By default, there are four Secureworks-managed user roles set across all customer tenants that cannot be changed; the permissions for each role are the same in all tenants:
- Tenant Administrator
- Tenant Analyst
- Tenant Auditor
- Tenant Responder
Custom Roles allows you to create and manage roles using the categories and permissions detailed in User Roles to tailor access for your tenant users to your needs.
Custom Roles and Tenant Types ⫘
Tenant Administrators for tenants that are direct customers of Secureworks can create custom roles that can only be used within their tenant and that are not available for use in other tenants.
Secureworks MSSP Partners can create custom roles in their parent, or partner, tenant to assign to their support users. Partner users assigned with a custom role have those role restrictions applied against any of the partner's customer tenants that the user can access.
MSSP Partners' customers do not have visibility of the custom roles set at the partner tenant level and are not able to assign any of their users to those custom roles.
Access Custom Roles ⫘
Access to create and edit custom roles is restricted to Tenant Administrators only, while other Secureworks-managed roles can view the custom roles but not edit them.
Secureworks-managed roles can be viewed and copied but can't be edited.
To view, create, and edit custom roles:
- From the Secureworks® Taegis™ XDR left-hand side navigation, select Tenant Settings → Roles & Permissions.
- Roles & Permissions displays.
Roles & Permissions
View Roles ⫘
The Roles table can be customized and filtered to refine the view with the following controls.
- Select All to apply no filter and view all roles.
- Select Managed to see only the four Secureworks-managed roles.
- Select Custom to see only customer-created tenant roles.
- Type a short string in the search field to filter roles based on the Role Name.
Add a New Custom Role ⫘
To create a new custom role for your tenant, follow these steps:
- Select Add Custom Role from the top right of Roles & Permissions.
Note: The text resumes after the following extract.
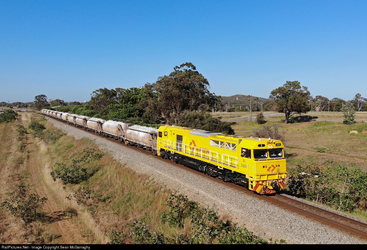 | The empty lime train from Hamilton crawls through a speed restriction at Wattleup nearing Soundcem where this train will load. S3301 is hauling train 7572, a short 12 wagon length train of XP hoppers. |

The Add Custom Role form displays.
- From the Summary section, enter a custom role name and description of the role purpose; for example, the type of user that would be assigned the role.
Add Custom Role
Clone an Existing Role ⫘
- (Optional) From the Clone Permissions From dropdown menu, select an existing role to be cloned as a base definition of access rights for the new custom role. Once selected, the permissions of the cloned role are applied to the new role.
Clone an Existing Role
Define Custom Role ⫘
- From the Permissions section, filter the categories if needed using the search field and then select a category from the left. Toggle the permissions for each category on or off from the right.
Define Custom Role
Some permissions can't be toggled off. For more information, see Permission Exceptions.
Save Custom Role ⫘
- Once all permissions have been set as desired, select Save Custom Role and a confirmation message displays to confirm the successful creation of the new custom role.
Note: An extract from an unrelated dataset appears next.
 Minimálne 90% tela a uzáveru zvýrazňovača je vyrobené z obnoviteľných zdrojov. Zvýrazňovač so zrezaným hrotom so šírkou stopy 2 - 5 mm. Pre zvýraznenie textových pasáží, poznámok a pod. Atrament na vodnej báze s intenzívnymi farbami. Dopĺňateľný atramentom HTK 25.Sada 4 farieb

Assign Custom Role to a User ⫘
Edit a Custom Role ⫘
- From the Tenant Settings → Roles & Permissions page in XDR, select the Edit Role pencil icon from the Actions column for the desired custom role. The Edit Custom Role form displays.
Edit Custom Role
- Edit the role summary or permissions as needed, and then select Save Custom Role.
Delete a Custom Role ⫘
Custom roles cannot be deleted if there are users assigned to the role. See Edit User Roles to reassign their role first.
- From the Tenant Settings → Roles & Permissions page in XDR, select the Delete Role trash icon from the Actions column for the desired custom role.
Delete Custom Role
- If there are users assigned to the custom role, a message displays informing you to reassign their role first. See Edit User Roles.
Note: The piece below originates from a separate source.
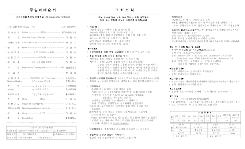 2017년 07월 30일 Publish on July 30,2017 | 교회사무실 페이지 정보 작성자 교회사무실 댓글 0건 조회 5,900회 작성일 17-07-30 11:49 목록 본문 이전글2017년 08월 06일 17.08.06 다음글2017년 07월 23일 17.07.27 댓글 0 댓글목록 등록된 댓글이 없습니다. 목록

Delete Custom Role Warning
- Once there are no more users assigned to the custom role, a message displays informing you the action cannot be undone. Confirm your action by selecting Confirm Delete.
Delete Custom Role Confirmation
View and Compare Permissions ⫘
View and Compare Permissions
From Roles & Permissions, select the Permissions tab from the top left. The Permissions table displays currently configured roles on the left and their assigned permissions on the right.
Select up to 10 roles you wish to compare using the checkboxes on the left.
The columns on the right reflect the selected roles and allow quick comparison of permissions.
Role permissions can only be viewed from this tab. To edit a role, see Edit a Custom Role.
Permission Exceptions ⫘
The following permissions are required to remain enabled in custom roles to ensure that access and utilization of the role remains consistent:
- View Alerts
- Search Alerts
- View Investigations
- Read Preferences
- Read Users
There are also checks that occur when permissions are applied to a custom role. For example, a warning displays if a write permission is enabled without the corresponding read permission being enabled, which may restrict access to a certain feature.